Instructions to follow: Give the listing again word for word. Skip the pictures.

Data excerpt:
########
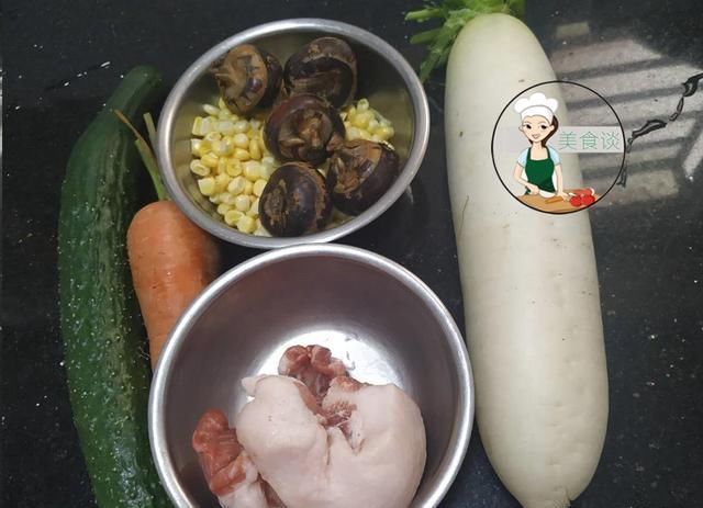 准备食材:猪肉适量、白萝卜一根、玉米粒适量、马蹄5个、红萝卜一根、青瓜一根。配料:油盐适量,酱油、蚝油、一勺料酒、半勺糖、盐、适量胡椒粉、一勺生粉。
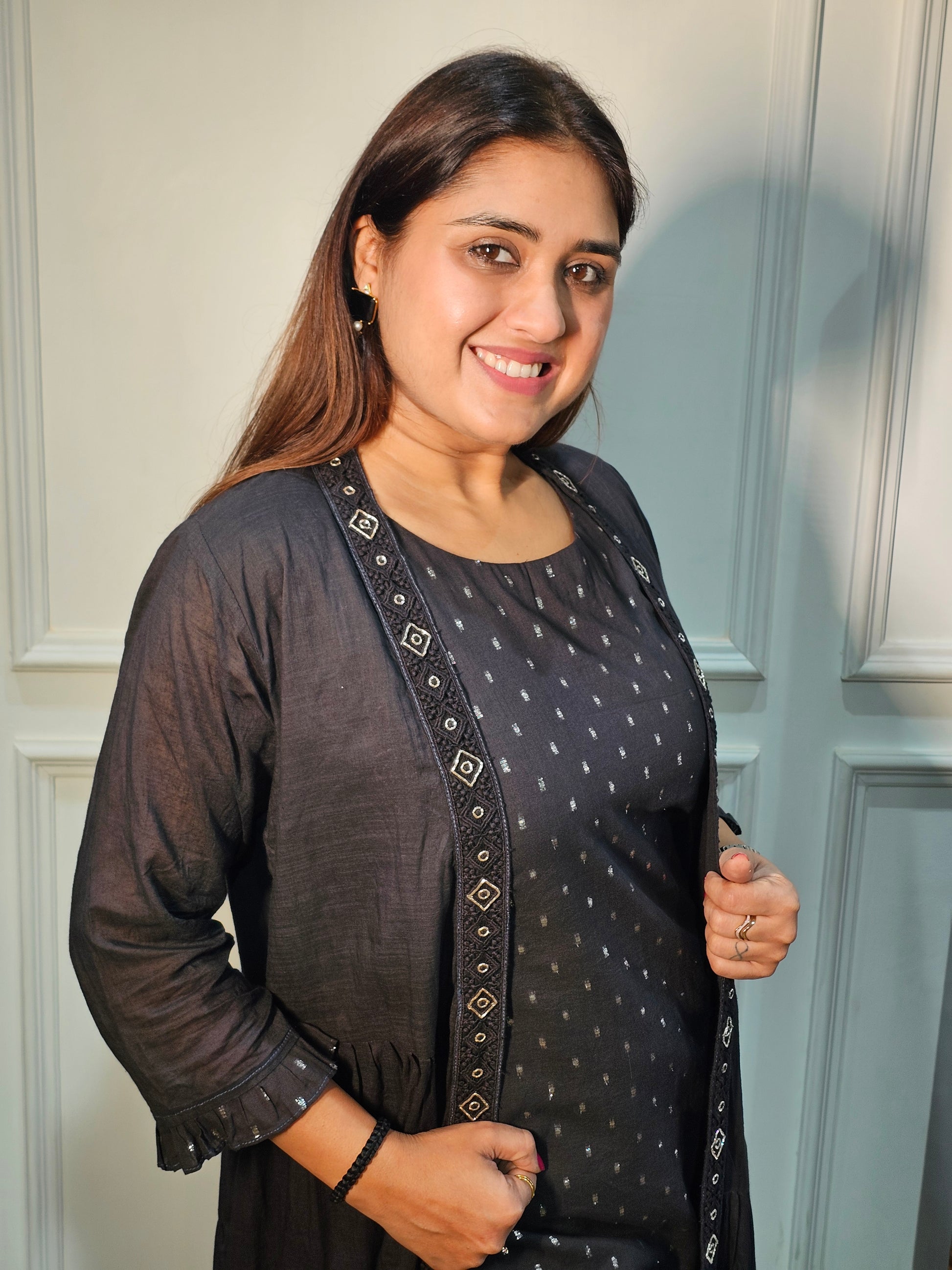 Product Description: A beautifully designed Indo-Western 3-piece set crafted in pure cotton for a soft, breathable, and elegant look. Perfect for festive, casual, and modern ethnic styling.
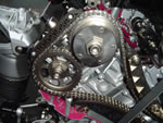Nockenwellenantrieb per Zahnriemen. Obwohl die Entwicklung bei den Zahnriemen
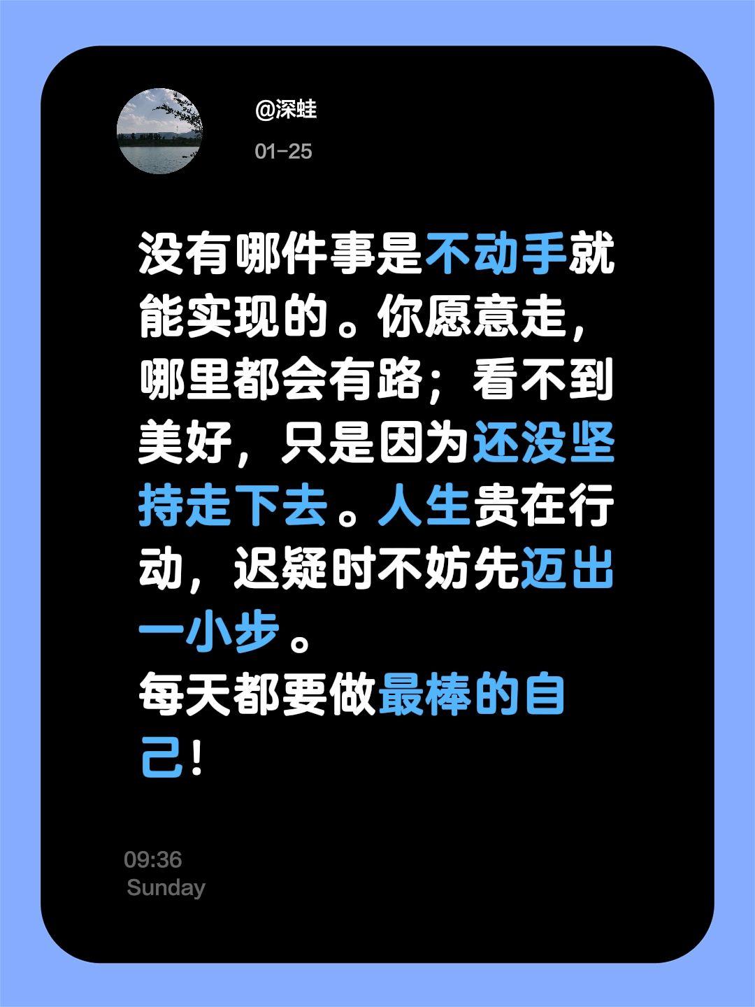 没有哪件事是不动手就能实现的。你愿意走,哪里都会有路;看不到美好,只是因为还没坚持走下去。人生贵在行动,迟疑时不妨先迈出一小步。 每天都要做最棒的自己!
########
Result for this exercise:
 准备食材:猪肉适量、白萝卜一根、玉米粒适量、马蹄5个、红萝卜一根、青瓜一根。配料:油盐适量,酱油、蚝油、一勺料酒、半勺糖、盐、适量胡椒粉、一勺生粉。
 Product Description: A beautifully designed Indo-Western 3-piece set crafted in pure cotton for a soft, breathable, and elegant look. Perfect for festive, casual, and modern ethnic styling.
Nockenwellenantrieb per Zahnriemen. Obwohl die Entwicklung bei den Zahnriemen
 没有哪件事是不动手就能实现的。你愿意走,哪里都会有路;看不到美好,只是因为还没坚持走下去。人生贵在行动,迟疑时不妨先迈出一小步。 每天都要做最棒的自己!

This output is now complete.